Тогда по приглашению своих местных поклонников – Каллера, Льюиса, Клайна – в Корнелл приехал Деррида. Я послушал одну из его лекций, нашел ее скучной, а разбор текста (кажется, «Перед законом» Кафки) малоизобретательным. В перерыве я поделился своими впечатлениями с Каллером, который стал меня уговаривать выступить, но я, понимая, что, чтобы вылезать с критикой, надо сначала пропахать немеряные завалы такой же скуки, уклонился. Это не помешало мне в тот же вечер быть приглашенным к Клайну на парти в честь почетного гостя.

Народу было не протолкнешься. Деррида меня не интересовал (деконструкция, собственно, и предрасполагает кмаргинализации всего центрального), я пил, ел, начинал томиться, пил еще и еще и вдруг оказался лицом к лицу с, иначе не скажешь, писаной красавицей. В кампусном университете все на виду, посторонние редкость, но слава Деррида, видимо, сыграла свою магнетическую роль. Незнакомка была тяжеловата, но породиста, с темными волосами, блестящими глазами и уверенной в себе мягкой повадкой. В своем длинном платье она напомнила мне Курбского перед троном Сигизмунда в начале второй серии «Ивана Грозного».

Я немедленно начал осаду, носившую, впрочем, прерывистый характер: мы сталкивались в толпе, обменивались репликами, что-то вместе пили, расходились, нас снова прибивало друг к другу и опять разносило в разные стороны. Я постепенно напивался и все настойчивее внушал ей, что впереди у нас что-то общее, ну хотя бы ее моральный долг отвезти меня, безлошадного пьяного, домой.

Пришла она, разумеется, не за этим, но других своих, более честолюбивых, целей то ли уже добилась, то ли, наоборот, в этот вечер добиться отчаялась, и в результате таки повезла меня – не исключено, что просто по принципу, что зануде легче отдаться, чем объяснить, почему этого делать не надо.
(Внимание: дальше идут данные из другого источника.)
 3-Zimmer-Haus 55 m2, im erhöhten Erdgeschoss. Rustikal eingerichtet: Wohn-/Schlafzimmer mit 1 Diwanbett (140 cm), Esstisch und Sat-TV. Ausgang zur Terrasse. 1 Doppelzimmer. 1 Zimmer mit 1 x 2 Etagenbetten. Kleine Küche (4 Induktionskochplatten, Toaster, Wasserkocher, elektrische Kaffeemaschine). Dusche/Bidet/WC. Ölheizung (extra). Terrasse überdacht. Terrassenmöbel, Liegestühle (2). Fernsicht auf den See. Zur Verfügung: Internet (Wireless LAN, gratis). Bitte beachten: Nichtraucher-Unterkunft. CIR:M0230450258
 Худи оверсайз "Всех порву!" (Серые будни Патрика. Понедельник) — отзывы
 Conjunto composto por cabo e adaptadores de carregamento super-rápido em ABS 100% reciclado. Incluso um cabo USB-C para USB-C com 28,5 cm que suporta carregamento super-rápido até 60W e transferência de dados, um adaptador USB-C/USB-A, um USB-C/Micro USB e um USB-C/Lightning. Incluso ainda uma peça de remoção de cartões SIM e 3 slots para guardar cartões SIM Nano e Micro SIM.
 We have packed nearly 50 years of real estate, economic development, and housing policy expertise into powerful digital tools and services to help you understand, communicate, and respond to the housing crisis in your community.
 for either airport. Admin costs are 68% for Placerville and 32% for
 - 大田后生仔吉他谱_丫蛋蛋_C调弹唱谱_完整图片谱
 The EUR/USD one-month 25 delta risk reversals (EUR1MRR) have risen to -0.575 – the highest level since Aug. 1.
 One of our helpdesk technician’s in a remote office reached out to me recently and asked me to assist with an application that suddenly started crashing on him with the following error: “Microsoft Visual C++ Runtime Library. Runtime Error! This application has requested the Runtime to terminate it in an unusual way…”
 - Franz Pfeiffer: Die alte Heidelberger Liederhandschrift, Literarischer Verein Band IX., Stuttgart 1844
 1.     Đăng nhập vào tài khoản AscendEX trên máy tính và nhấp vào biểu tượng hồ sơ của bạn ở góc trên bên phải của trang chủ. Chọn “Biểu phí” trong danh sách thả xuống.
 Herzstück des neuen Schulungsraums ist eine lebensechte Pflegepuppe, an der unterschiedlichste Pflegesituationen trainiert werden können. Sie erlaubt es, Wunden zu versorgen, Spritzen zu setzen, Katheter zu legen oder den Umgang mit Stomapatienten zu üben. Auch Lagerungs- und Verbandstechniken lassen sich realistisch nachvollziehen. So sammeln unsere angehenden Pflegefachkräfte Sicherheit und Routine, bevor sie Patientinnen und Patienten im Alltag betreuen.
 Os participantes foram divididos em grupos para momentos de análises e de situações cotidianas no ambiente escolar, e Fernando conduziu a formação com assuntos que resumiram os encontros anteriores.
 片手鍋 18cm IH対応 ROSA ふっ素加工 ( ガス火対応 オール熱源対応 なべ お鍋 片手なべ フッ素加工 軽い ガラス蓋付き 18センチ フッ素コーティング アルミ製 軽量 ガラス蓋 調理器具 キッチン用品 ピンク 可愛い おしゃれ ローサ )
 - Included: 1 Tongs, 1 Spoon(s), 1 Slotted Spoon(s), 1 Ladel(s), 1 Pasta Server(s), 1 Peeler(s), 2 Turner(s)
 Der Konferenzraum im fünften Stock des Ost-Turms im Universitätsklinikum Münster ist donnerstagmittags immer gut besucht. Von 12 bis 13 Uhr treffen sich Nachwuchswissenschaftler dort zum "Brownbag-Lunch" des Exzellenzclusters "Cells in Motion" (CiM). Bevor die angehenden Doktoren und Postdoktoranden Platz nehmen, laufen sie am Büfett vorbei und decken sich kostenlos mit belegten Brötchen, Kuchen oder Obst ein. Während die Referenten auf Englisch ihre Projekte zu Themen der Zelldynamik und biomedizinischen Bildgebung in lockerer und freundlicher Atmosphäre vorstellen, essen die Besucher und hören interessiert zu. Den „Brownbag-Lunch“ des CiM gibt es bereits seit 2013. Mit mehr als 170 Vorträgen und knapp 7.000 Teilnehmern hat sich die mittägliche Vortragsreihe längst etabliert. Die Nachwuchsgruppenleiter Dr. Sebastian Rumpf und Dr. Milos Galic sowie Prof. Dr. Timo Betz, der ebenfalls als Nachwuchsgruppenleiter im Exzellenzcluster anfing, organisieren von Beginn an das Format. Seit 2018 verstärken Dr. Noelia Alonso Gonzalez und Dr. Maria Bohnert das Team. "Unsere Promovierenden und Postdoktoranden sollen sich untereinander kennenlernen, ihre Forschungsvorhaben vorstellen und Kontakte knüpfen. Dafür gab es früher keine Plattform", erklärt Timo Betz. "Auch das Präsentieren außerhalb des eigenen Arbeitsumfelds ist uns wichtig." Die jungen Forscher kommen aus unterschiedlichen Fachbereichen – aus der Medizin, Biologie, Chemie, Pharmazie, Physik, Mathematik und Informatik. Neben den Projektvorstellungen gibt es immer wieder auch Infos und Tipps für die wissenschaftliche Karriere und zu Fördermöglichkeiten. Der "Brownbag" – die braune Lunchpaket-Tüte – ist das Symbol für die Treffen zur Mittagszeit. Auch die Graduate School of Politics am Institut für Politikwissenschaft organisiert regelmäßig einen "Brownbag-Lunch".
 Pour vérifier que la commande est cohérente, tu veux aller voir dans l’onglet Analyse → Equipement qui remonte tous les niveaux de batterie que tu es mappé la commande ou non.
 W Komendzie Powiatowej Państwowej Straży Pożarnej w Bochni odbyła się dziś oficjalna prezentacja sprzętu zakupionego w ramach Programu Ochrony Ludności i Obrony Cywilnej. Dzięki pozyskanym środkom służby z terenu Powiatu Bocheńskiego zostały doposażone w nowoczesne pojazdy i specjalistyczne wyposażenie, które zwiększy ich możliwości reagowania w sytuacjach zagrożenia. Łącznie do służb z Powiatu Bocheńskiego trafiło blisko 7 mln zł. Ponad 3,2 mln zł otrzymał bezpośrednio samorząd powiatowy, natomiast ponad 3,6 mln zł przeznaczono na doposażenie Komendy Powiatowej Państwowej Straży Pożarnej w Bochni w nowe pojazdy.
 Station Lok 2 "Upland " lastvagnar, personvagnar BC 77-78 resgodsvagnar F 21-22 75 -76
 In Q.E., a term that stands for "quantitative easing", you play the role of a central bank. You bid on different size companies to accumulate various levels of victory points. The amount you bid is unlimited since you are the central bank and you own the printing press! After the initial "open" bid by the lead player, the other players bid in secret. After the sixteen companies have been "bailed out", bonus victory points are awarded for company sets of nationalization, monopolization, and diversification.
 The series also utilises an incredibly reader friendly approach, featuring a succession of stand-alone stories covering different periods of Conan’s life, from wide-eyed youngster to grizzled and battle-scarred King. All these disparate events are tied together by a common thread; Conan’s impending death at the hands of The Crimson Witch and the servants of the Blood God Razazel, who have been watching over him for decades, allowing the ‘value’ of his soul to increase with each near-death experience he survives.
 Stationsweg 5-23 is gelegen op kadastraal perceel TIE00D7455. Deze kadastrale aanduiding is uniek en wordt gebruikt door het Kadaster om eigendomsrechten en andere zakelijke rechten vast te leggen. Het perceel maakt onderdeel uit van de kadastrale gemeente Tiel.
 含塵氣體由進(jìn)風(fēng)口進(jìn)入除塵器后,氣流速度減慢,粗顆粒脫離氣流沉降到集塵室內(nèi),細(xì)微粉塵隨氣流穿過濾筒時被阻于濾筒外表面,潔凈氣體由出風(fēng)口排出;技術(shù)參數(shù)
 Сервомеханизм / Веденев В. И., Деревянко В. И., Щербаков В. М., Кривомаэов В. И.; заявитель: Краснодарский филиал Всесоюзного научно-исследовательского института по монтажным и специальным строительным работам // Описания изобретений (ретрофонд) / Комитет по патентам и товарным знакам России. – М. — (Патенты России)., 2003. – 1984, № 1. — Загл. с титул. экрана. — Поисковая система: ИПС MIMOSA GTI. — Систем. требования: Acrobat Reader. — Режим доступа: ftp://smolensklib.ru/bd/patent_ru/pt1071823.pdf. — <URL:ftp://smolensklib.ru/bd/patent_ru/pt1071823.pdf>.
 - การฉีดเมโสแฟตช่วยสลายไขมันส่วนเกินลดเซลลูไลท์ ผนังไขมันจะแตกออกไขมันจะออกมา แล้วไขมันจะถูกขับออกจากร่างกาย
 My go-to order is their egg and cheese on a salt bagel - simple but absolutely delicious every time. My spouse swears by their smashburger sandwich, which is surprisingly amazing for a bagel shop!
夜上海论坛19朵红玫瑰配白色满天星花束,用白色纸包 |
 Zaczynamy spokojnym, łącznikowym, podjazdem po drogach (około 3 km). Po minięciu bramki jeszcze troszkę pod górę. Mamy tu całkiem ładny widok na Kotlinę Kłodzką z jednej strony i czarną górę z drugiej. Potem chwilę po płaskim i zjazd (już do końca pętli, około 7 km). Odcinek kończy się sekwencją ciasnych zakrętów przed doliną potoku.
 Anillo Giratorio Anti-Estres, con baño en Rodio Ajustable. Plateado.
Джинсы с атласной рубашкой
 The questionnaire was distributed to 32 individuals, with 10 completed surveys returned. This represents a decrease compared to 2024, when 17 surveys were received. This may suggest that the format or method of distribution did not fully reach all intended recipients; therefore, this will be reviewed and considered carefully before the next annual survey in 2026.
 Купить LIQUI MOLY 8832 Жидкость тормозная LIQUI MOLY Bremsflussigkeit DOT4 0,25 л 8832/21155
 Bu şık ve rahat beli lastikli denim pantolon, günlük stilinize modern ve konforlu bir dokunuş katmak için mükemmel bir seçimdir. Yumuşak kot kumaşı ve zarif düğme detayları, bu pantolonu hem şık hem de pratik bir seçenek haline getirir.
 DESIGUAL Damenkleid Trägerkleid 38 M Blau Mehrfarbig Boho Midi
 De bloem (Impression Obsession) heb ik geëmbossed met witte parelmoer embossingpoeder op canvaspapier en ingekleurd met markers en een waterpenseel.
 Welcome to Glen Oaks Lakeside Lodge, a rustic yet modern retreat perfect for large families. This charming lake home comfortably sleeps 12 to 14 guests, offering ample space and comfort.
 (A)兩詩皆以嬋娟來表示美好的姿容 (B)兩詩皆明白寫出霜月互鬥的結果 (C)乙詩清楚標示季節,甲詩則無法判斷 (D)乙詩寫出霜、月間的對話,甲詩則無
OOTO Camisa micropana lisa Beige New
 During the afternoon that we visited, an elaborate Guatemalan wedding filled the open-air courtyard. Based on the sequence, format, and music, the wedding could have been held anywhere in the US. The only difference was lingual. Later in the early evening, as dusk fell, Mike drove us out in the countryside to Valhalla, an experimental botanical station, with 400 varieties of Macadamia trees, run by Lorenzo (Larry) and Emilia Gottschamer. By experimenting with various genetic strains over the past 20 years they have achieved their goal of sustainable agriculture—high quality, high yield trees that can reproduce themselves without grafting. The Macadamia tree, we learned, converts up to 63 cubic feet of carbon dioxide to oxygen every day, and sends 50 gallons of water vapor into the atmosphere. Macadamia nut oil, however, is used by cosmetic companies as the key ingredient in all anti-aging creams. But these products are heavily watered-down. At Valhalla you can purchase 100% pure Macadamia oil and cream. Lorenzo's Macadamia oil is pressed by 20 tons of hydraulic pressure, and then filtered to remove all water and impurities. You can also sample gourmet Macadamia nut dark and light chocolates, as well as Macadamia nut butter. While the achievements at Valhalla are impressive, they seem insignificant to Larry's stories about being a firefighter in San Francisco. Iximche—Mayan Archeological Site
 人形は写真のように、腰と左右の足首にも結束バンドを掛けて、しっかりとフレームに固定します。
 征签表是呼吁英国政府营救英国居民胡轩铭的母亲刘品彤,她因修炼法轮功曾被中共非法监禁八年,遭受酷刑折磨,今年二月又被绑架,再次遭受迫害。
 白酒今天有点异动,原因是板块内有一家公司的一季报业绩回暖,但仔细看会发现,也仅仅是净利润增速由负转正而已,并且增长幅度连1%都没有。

То есть она-то, возможно, уступила в смысле отвезти, я же в своем возбужденном состоянии, конечно, понял, что в смысле отдаться. Впрочем, состояние это было возбужденным настолько, что однозначной интерпретации поддавалось плохо, а задним числом вообще не поддается и уже не поддастся, тут с деконструкцией не поспоришь.

Мы подъехали к дому, я уговорил ее зайти, побежал открывать, а когда она, поставив машину, поднялась в дом, вышел ей навстречу совершенно голый, с бутылкой и двумя бокалами в руках. Она и бровью не повела, но пить отказалась, сказав, что за рулем. Я стал настаивать, приставать и в ответ на очередное «нет» вдруг плеснул ей вином в лицо.

Она повернулась и уехала, я мгновенно заснул, но наутро, протрезвев, стал думать, как извиниться, а заодно снова увидеться. Я не знал ни ее фамилии, ни даже имени. Но тут я хватился своего берета и решил, что забыл его в машине. Я позвонил Клайну, про берет он не поверил, но согласился, что она так хороша, что разыскать ее необходимо, сказал, что ее зовут Энн-Луиз Дроу (имя и фамилию меняю) и дал телефон.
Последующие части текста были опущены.